Dokter menganjurkan kontrol ke Poli Jantung, RSUP Persahabatan. Di poli ini juga tidak ada masalah hanya mengganti obat darah tinggi, “Agar lebih nyaman, Pak,” kata dokter di Poli Jantung.
Rupanya, obat yang diberikan dokter praktek swasta dekat rumah sudah ‘ketinggalan zaman’ karena sudah ada produk baru.
Soal dada berdebar-debar sama sekali tidak saya hubung-hubungkan dengan santet yang selama ini mendera saya. Tapi, karena dua dokter mengatakan hal yang sama saya mulai curiga debaran di dada kiri bukan masalah medis.
Langkah pertama saya ke Bu Haji di Pandeglang, Banten.
“Aduh, Pak, untung cepat datang,” kata Bu Haji setelah membalas salam saya.
Ada apa?
“Ada jarum dari belakang yang menusuk-nusuk ke depan,” kata Bu Haji sambil berdecak.
Soalnya, selama ini serangan memang selalu mengarah ke jatung. Artinya, sasaran tembak bagian kiri badan. Ini juga erat kaitannya dengan kebiasaan saya menggunakan tangan kanan sehingga mulai dari kaki sampai kepala selalu bagian kiri yang diserang.
Minta bantuan ke Bu Haji ini memang agak khas karena modalnya hanya pisang ambon.

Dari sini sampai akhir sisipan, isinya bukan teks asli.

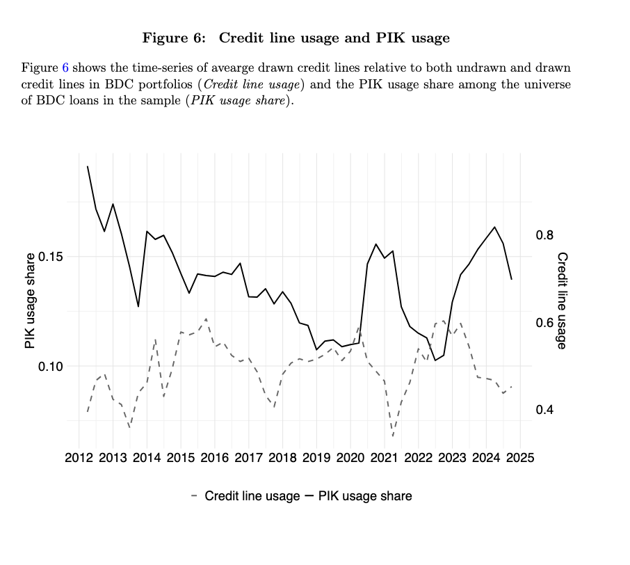 My research with Paul Rintamäki (paper is available here) shows that conversion PIK, existing cash-paying loans switched to PIK mid-contract under distress, predicts significantly worse credit outcomes and leads to maturity extensions rather than restructurings. The dollar amount of PIK in BDC portfolios reached $62.8 billion at Q4 2025, more than double the level at Q4 2022. The value-weighted PIK usage share stood at 12.72%, though this partly reflects compositional effects as large loans entered the denominator. Figure 6, from our BDC sample, shows the relationship between credit line usage and PIK usage over the full 2012–2025 period.

Dengan pisang itulah Bu Haji menarik benda-benda kiriman yang ada dalam badan. Beling, jarum, paku, lidi ijuk, uang logam, gabah, lada, binatang hidup, dll.
Sambil membaca beberapa ayat suci Bu Haji meletakkan pisang ambon di punggung kiri.
Krakkkkk.... Daging seakan disayat. Nyeri. Perih.
Potongan karet gelang menempel di pisang ambon. Rupanya, karet itulah yang bergetar di dalam badan sehingga terasa seperti berdebar-debar.
Namun, beberapa hari setelah dari Bu Haji dada kiri sesekali masih saja bergetar dan terasa nyeri.
Kepalang berobat minggu berikutnya saya ke Pak Ajie (Misbach) di Cilegon, Banten. Pak Ajie juga sering membantu saya menarik benda di badan, di rumah dan di kantor, bahkan di jalan raya yang sering saya lewati.
Ke Pak Ajie tidak perlu bawa pisang ambon karena berbeda cara. Pak Ajie pakai daun, al. daun sirih, belembing sayur, dll. untuk menarik benda dari badan.
Pak Ajie menempelkan keris kecil ke punggung saya. Takkkkk.... Keris seperti berbeturan dengan logam. Duh, ada apa lagi ini.
“Ini kawat, Pak,” kata Pak Ajie sambil menunjukkan kawat sebesar anak korek api dengan panjang kira-kira 3 cm yang dibengkokkan.
Rupanya, karet gelang yang ditarik Bu Haji itu dililitkan oleh dukun santet ke kawat yang dibengkokkan. Gelang karet bergetar dan mendorong kawat menusuk-nusuk jantung. Tapi, benda itu belum menembus rusuk sehingga debaran terasa nyeri karena menusuk tulang rusuk.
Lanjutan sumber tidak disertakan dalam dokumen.